Kubernetes, backed by Google is leading the pack given that Redhat, Microsoft and now Amazon are putting their weight behind it.
Kubernetes can run on any cloud or bare metal infrastructure. Setting up & managing Kubernetes can be a challenge but Google provides an easy way to use Kubernetes through the Google Container Engine(GKE) service.
What is GKE?
Google Container Engine is a Management and orchestration system for Containers. In short, it is a hosted Kubernetes. The goal of GKE is to increase the productivity of DevOps and development teams by hiding the complexity of setting up the Kubernetes cluster, the overlay network, etc.
Why GKE? What are the things that GKE does for the user?
- GKE abstracts away the complexity of managing a highly available Kubernetes cluster.

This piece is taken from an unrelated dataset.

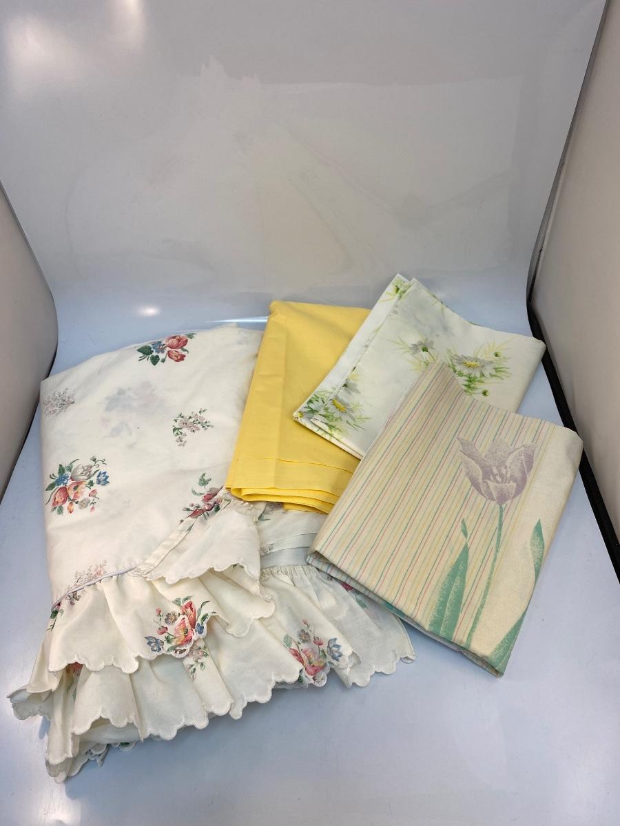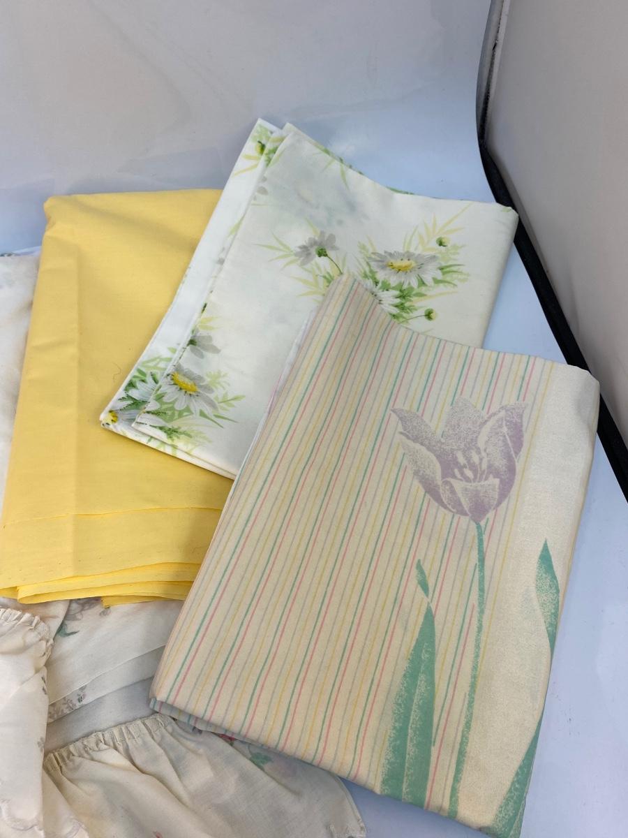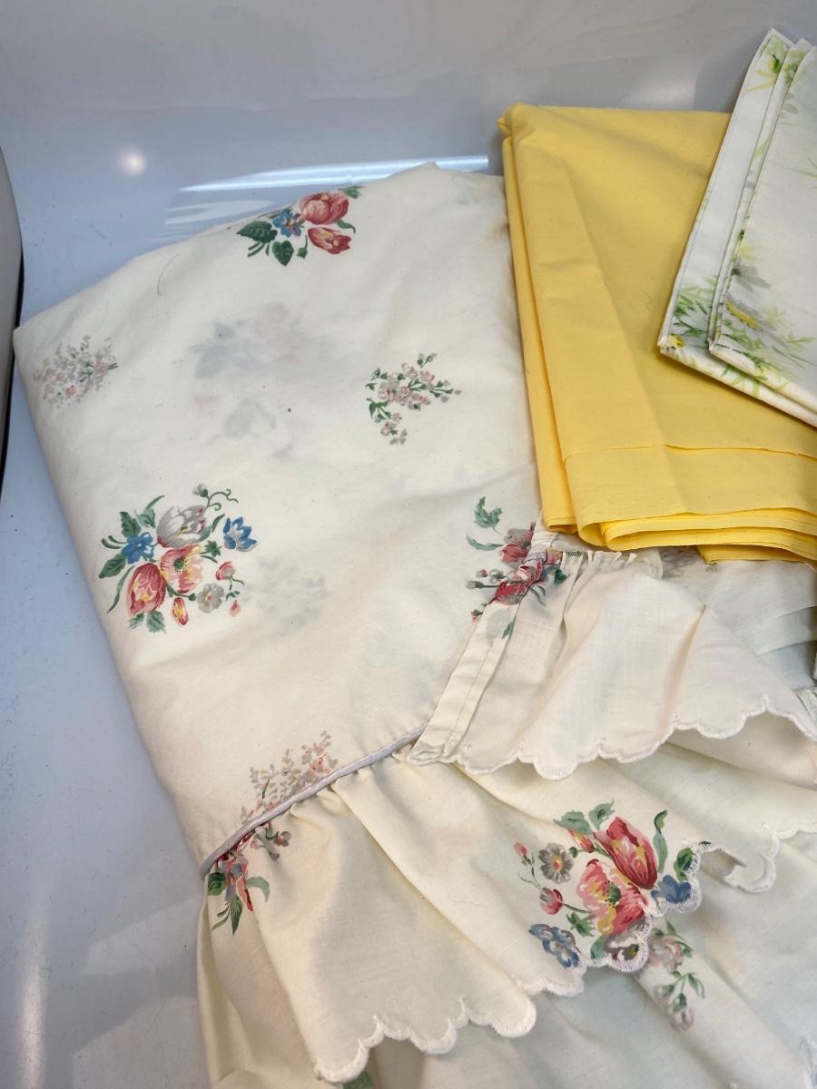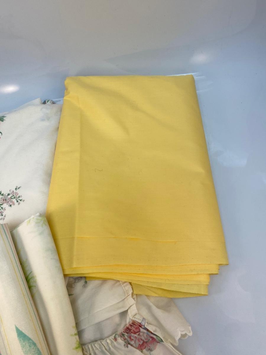 Vintage Queen Size Ruffled Sheet Pillowcases and Yellow Fabric. Some light discolor from age. The yellow fabric is good size, feels like cotton or cotton blend.

GKE takes care of the overlay network: https://cloud.google.com/compute/docs/vpc/#routing
GKE also provides built-in authentication: https://cloud.google.com/container-engine/docs/iam-integration
GKE also provides built-in auto-scaling.
GKE also provides easy integration with the Google storage services.
In this blog, we will see how to create your own Kubernetes cluster in GKE and how to deploy a multi-tier application in it. The blog assumes you have a basic understanding of Kubernetes and have used it before. It also assumes you have created an account with Google Cloud Platform. If you are not familiar with Kubernetes, this guide from Deis - https://deis.com/blog/2016/kubernetes-illustrated-guide/ is a good place to start.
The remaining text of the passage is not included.